The B747-200Fs could come into play here, with one possibility being to base them in Africa. In this context it is interesting that LACHS – which until now has serviced only CAL – has just taken on its first third-party customer in the shape of Africa specialist ANA Aviation, which has recently moved its operations from Ostend. Zagagi admits that he might not be averse to developing some cooperation in this direction.
The possibility of basing aircraft in Africa also explains what otherwise might be a puzzling aspect of CAL’s expansion wish-list – the inclusion of the Middle East. Clearly geopolitical considerations limit the options for an Israeli company in this region, but the situation might be different for African-registered aircraft. Zagagi says the option of having the B747-400s EU-registered is also being considered.
As for the Far East, CAL already serves this market indirectly, feeding cargo from Asia to Liége via interline partners and then shipping it on to Tel Aviv. This gets over the problem of overflight bans imposed on Israeli carriers by its regional neighbours.
Not all aspects of Israel’s political position are a disadvantage, however. While many Western carriers have had to introduce new security measures in the wake of 9/11, tight security has always been part of CAL’s DNA. Zagagi says this can help to win sensitive or valuable charter business.
“Our procedures and processes in conjunction with the Israel authorities are extremely rigorous, and we also have to be very sensitive about what we carry and where we fly to and from. But that gives us a critical advantage with some types of customer,” he says.

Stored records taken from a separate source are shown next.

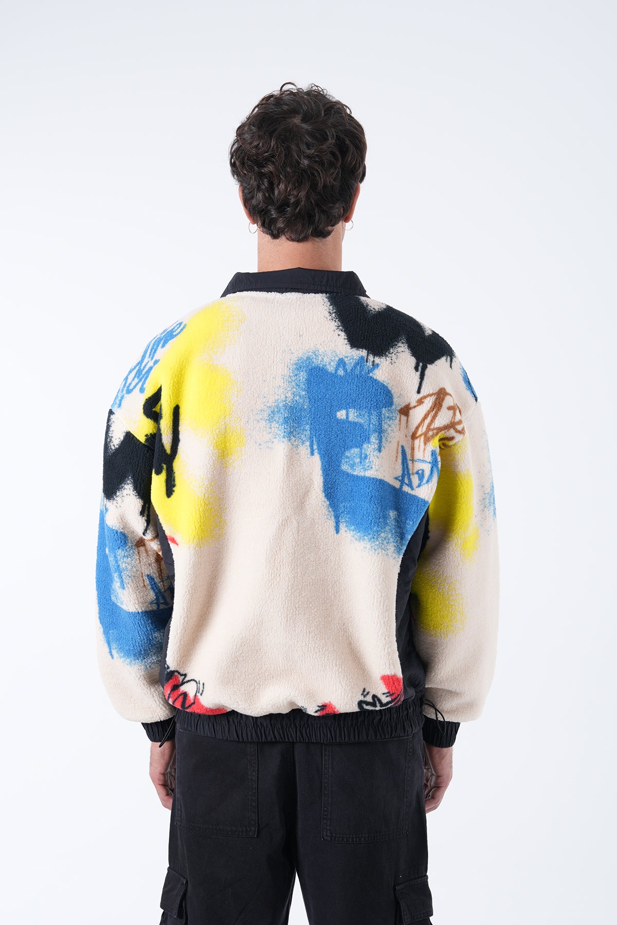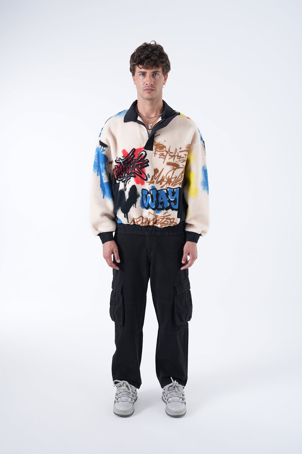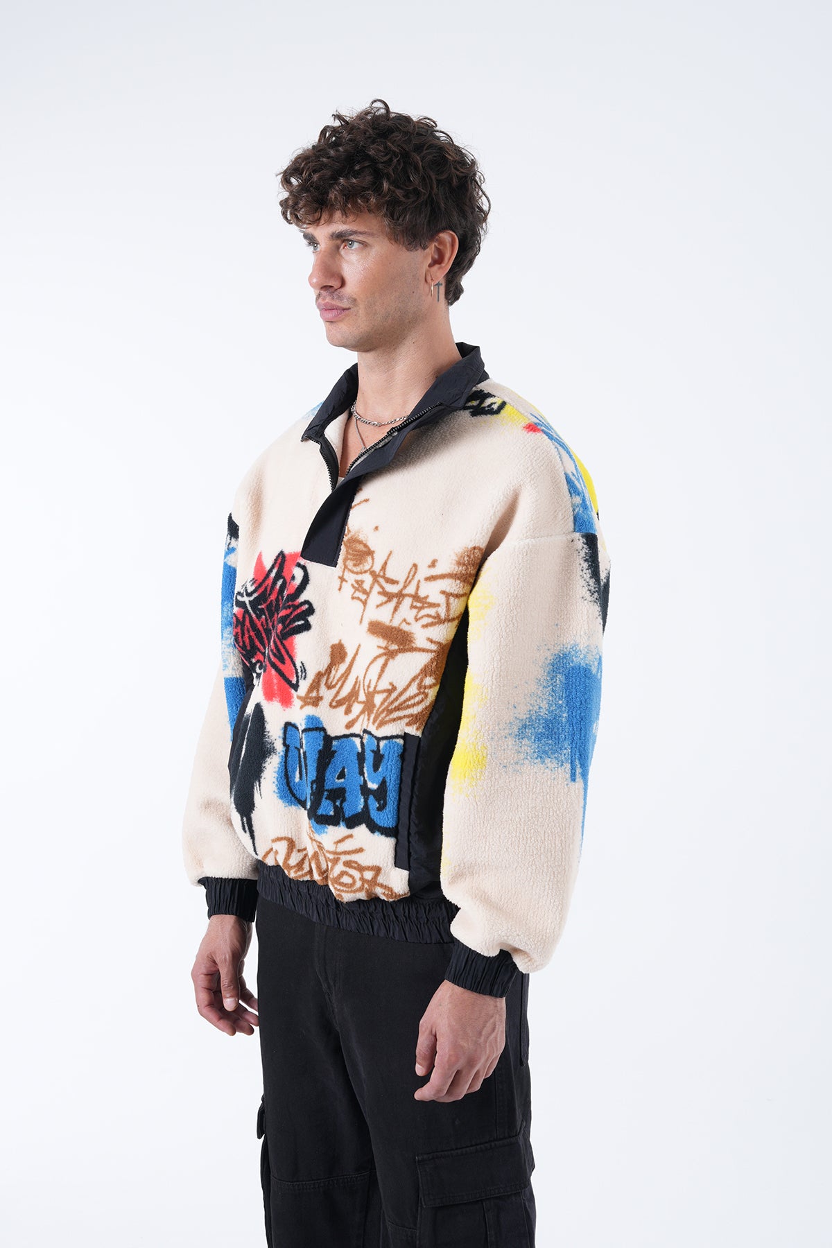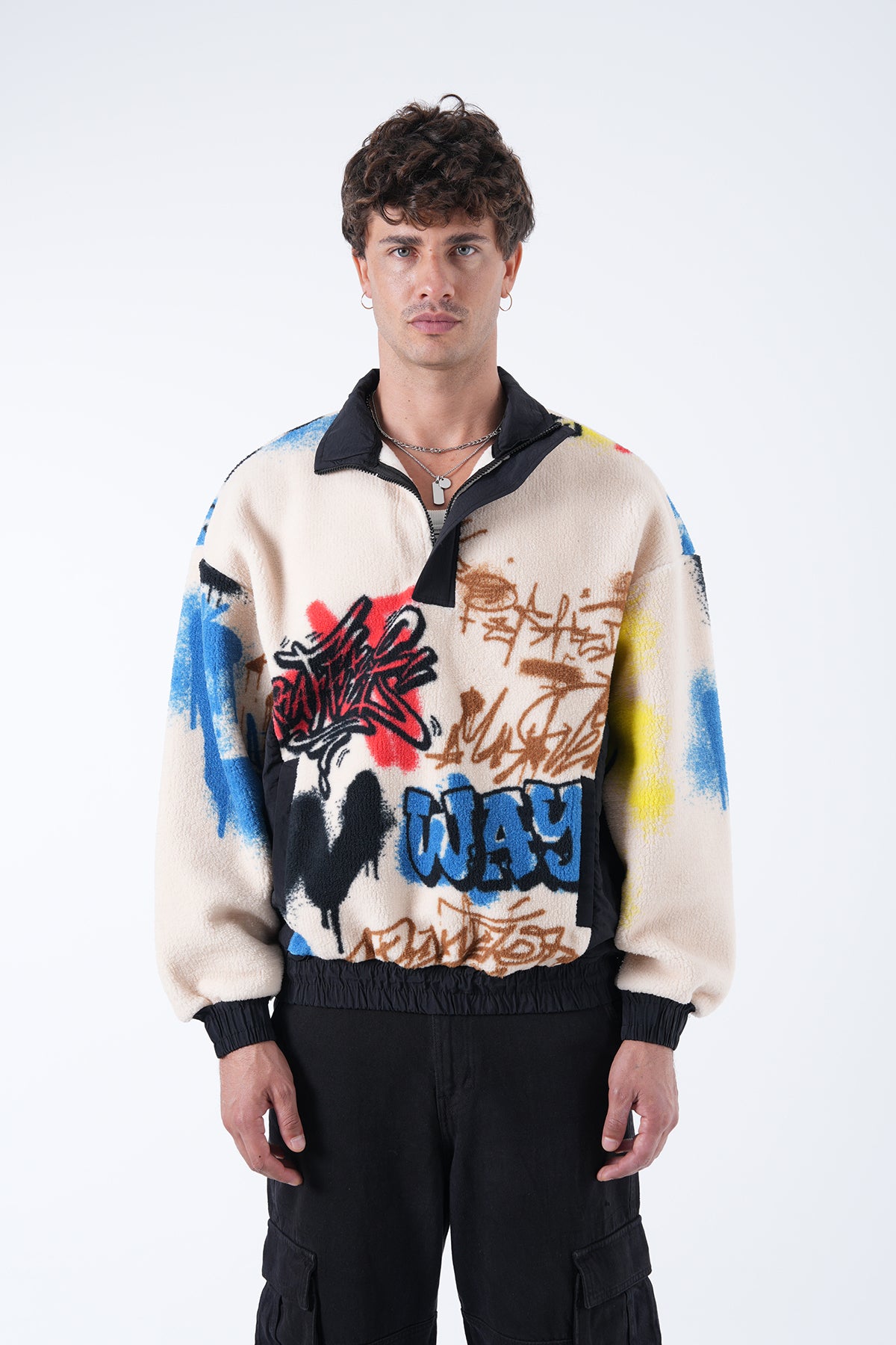 Grafiti Desen Yarım Fermuarlı Polar Sweatshirt
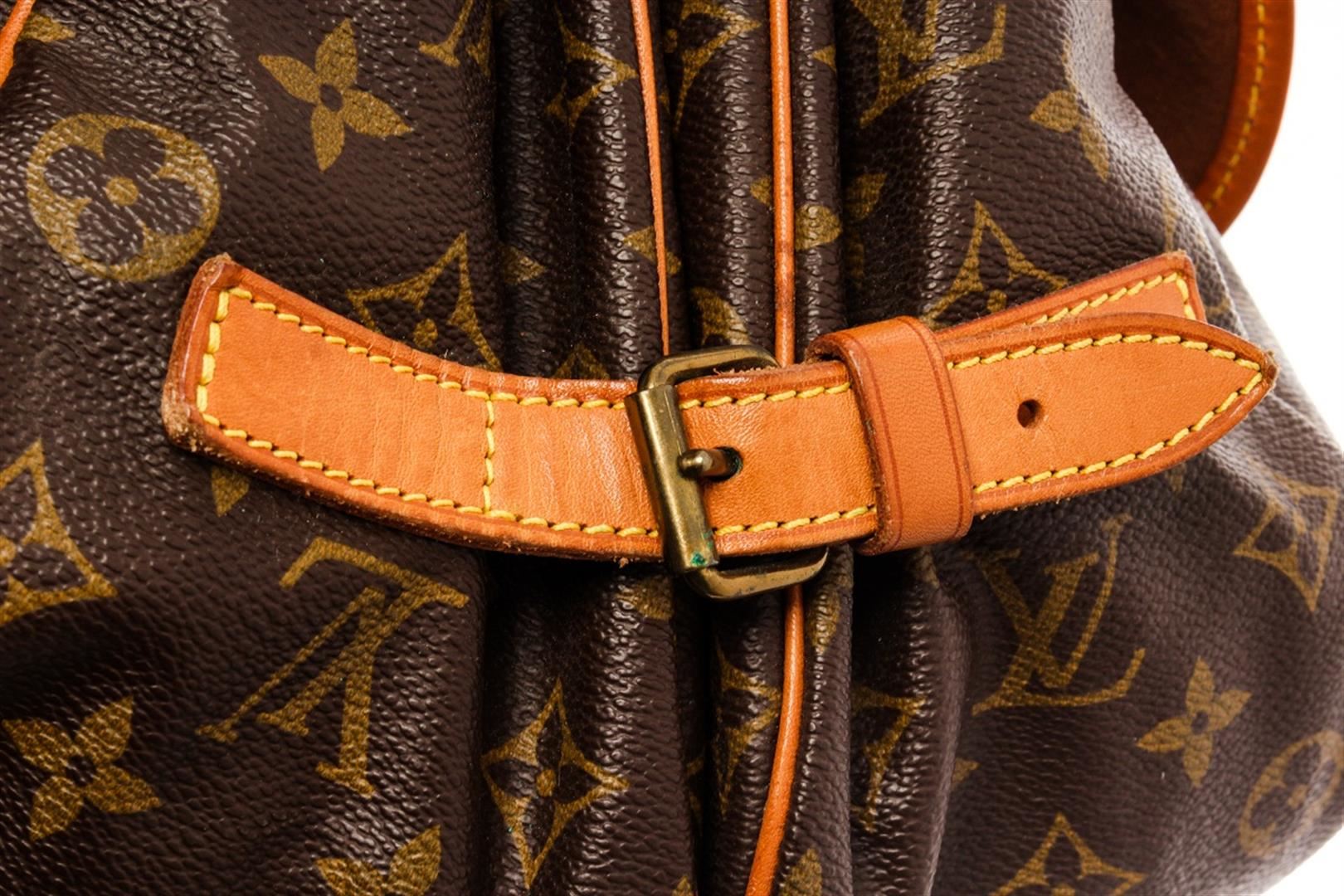 Louis Vuitton Brown Monogram Leather Saumur 35cm Shoulder Bag. All available information is listed in the description and shown in the photos. Louis Vuitton Brown Monogram Leather Saumur 35cm Shoulder Bag with vintage, brass hardware, leather trim, single adjustable shoulder strap, leather trim embellishment, canvas lining & three interior pockets, buckle closures at front & back. Height: 12" Width: 12.5" Depth: 5.75", Shoulder Strap Drop: 16" / 30.48 x 31.75 x 14.60 Cm
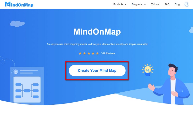 Chcete-li začít, otevřete prohlížeč a vyhledejte MindOnMap ve vyhledávacím poli. A v hlavním rozhraní klikněte na Vytvořte si svou myšlenkovou mapu knoflík.
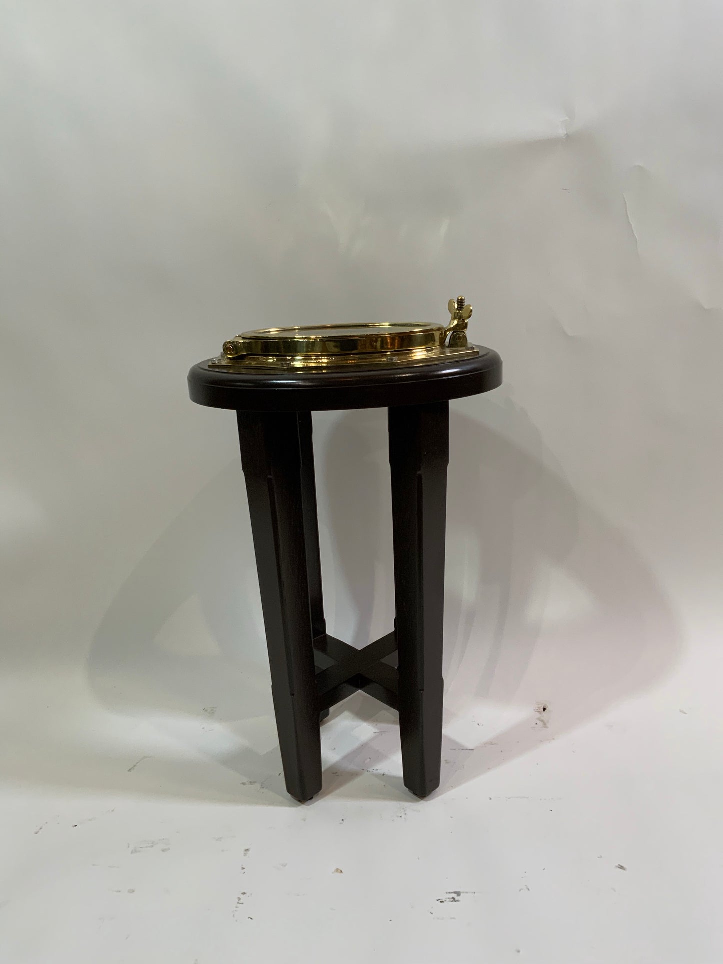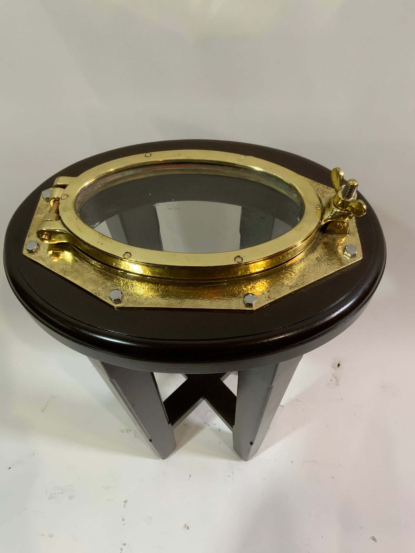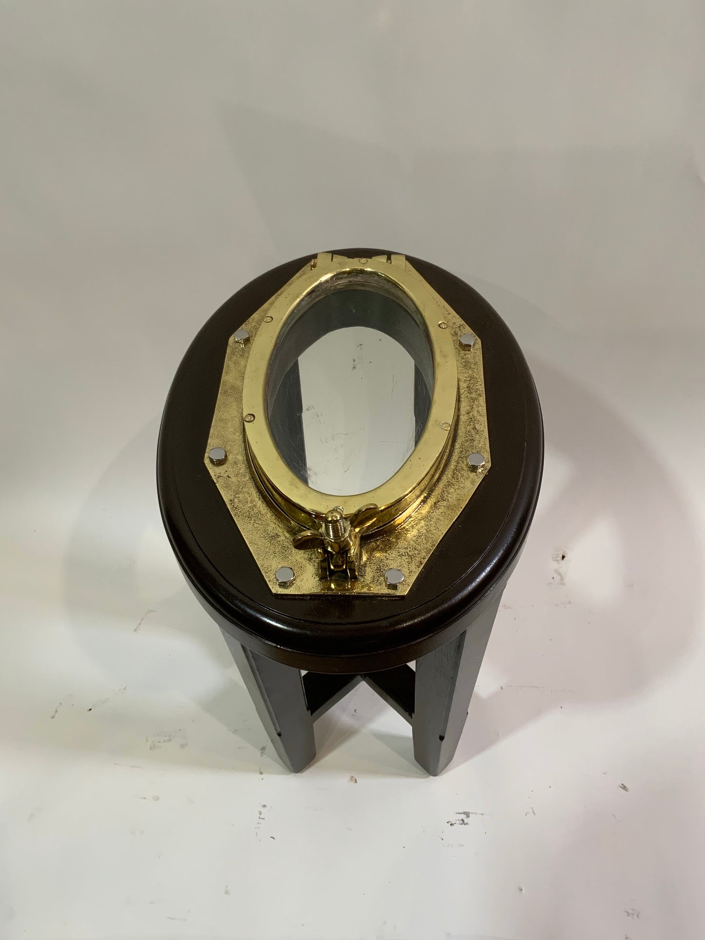 Solid Brass Ships Porthole Mounted To A Mahogany Table Base

CAL is IOSA-registered, has ISO-9000 for its LACHS operations, has EQUIP (Enhanced Qualified User Program) accreditation from CSafe, and is recognised as a Quality Equipment Provider (QEP) by Envirotainer. The last of these even chose LACHS to be its Liége station.
Armed with all these advantages, Zagagi remains optimistic about the future, saying that while the growth of long-haul belly capacity is a threat “we don’t think it is terrible.
“We will continue putting the emphasis on our verticals and looking for the more lucrative opportunities,” he says. “We do carry general cargo of course, but our focus will be on the higher yield areas that only freighters can serve.”